Yeni filminiz "Can"da modellerin hayatına özenerek evden kaçan ve sonrasında uyuşturucudan ölen bir genç kızı canlandırıyorsunuz. Bir de bu batağın içinde lezbiyen ilişki yaşıyorsunuz. Neler söyleyeceksiniz filmle ilgili? - Ben bir şeyler yapmaya, modellikten sonra ne yapacağıma karar vermeye çalışıyorum. Bunun için de oyunculuğu deniyorum ve hoşuma gidiyor. Hayatımın işini bulabilmek için bir sürü şey deniyorum aslında... Eşim tiyatrocu ve onunla da 1,5 yıldır ciddi bir çalışmam var.
Film teklifi gelince "Acaba yapabilir miyim" diye hiç tereddüt etmediniz mi? - "Yapabilir miyim" diye düşündüm açıkçası. Hem hocam hem kocam dediğim Yorgo’ya sordum bunu... O da bana "1,5 yıldır seninle çalışıyoruz. Görüyorum, yeteneklisin ve yapabilirsin" dedi. Uyuşturucu ve lezbiyenlik konusuna gelince... Evet, bütün emekler bir kenara atılır ve "filmde lezbiyen bir ilişki yaşanıyor" denir sadece. Ama olsun, projeye güveniyorum.
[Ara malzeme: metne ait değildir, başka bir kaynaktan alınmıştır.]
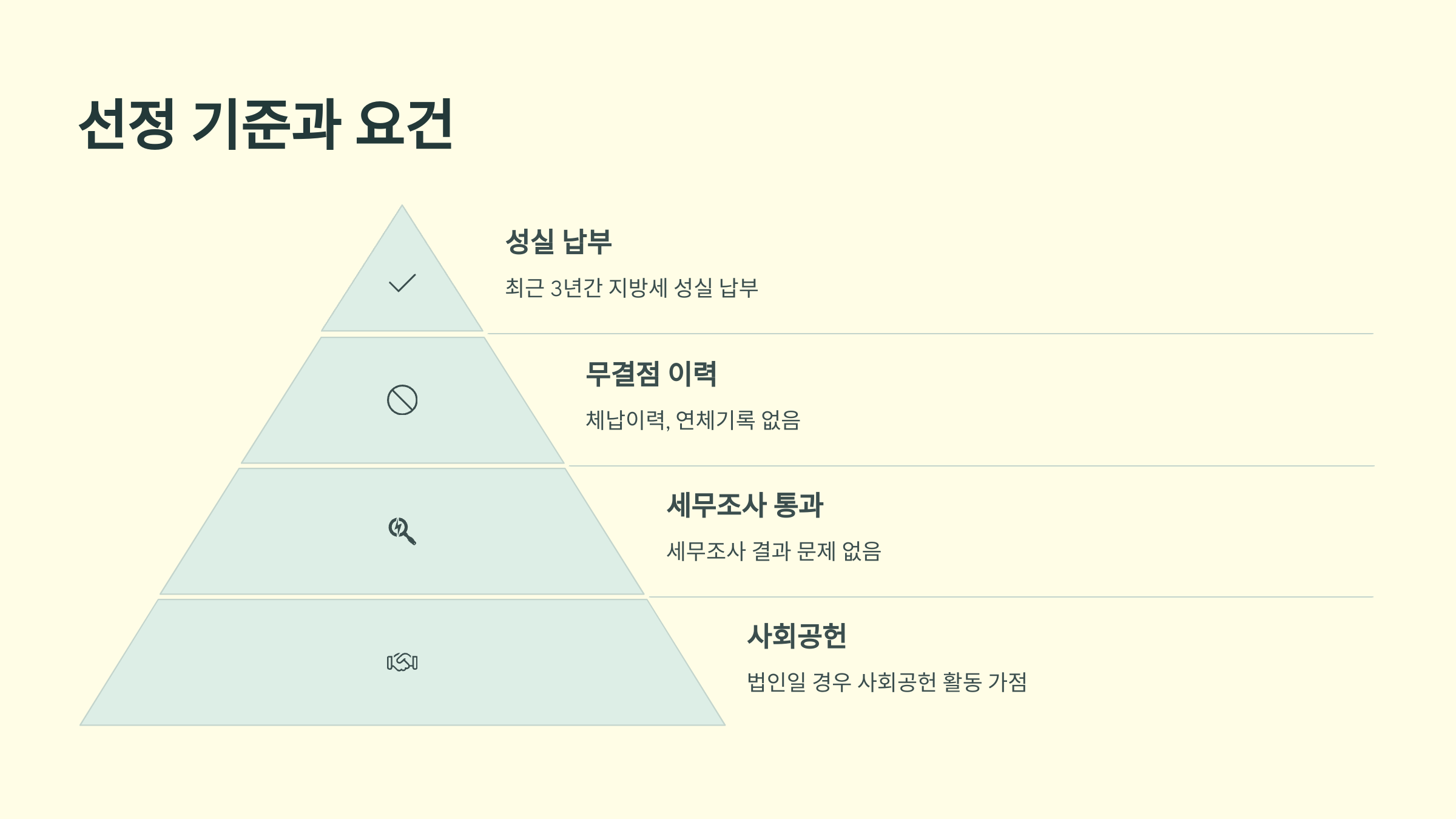 | 납부 실적 | 최근 3년 이상 성실 납세 | 세목 제한 없음 |

Ben filmdeki bu karakteri içinde bulunduğum camiada gördüm, o ortamlara tanık oldum ve o ortamların içinde bulunmaktan her zaman kaçındım.
Bu arada soyadın konusunda bir karmaşa var. Kazaz’ı mı kullanıyorsunuz yoksa Seitaridi’yi mi? - Artık adımın Tuğçe Seitaridi olarak kullanılmasını istiyorum. Bir kadının alabileceği en büyük güven, kocasının soyadını almasıdır. Ben bir Anadolu kadınıyım, neden eşimin soyadını almayayım ki? Değiştirmeyenlerin kişisel tercihidir, ama ben anne va babamın farklı soyadda olmasını istemezdim.
Boşanmayı düşündüğünüz konusundaki dedikodular için ne diyeceksiniz?
- Bu haberlere gülüp geçiyorum, çünkü asla doğru değil.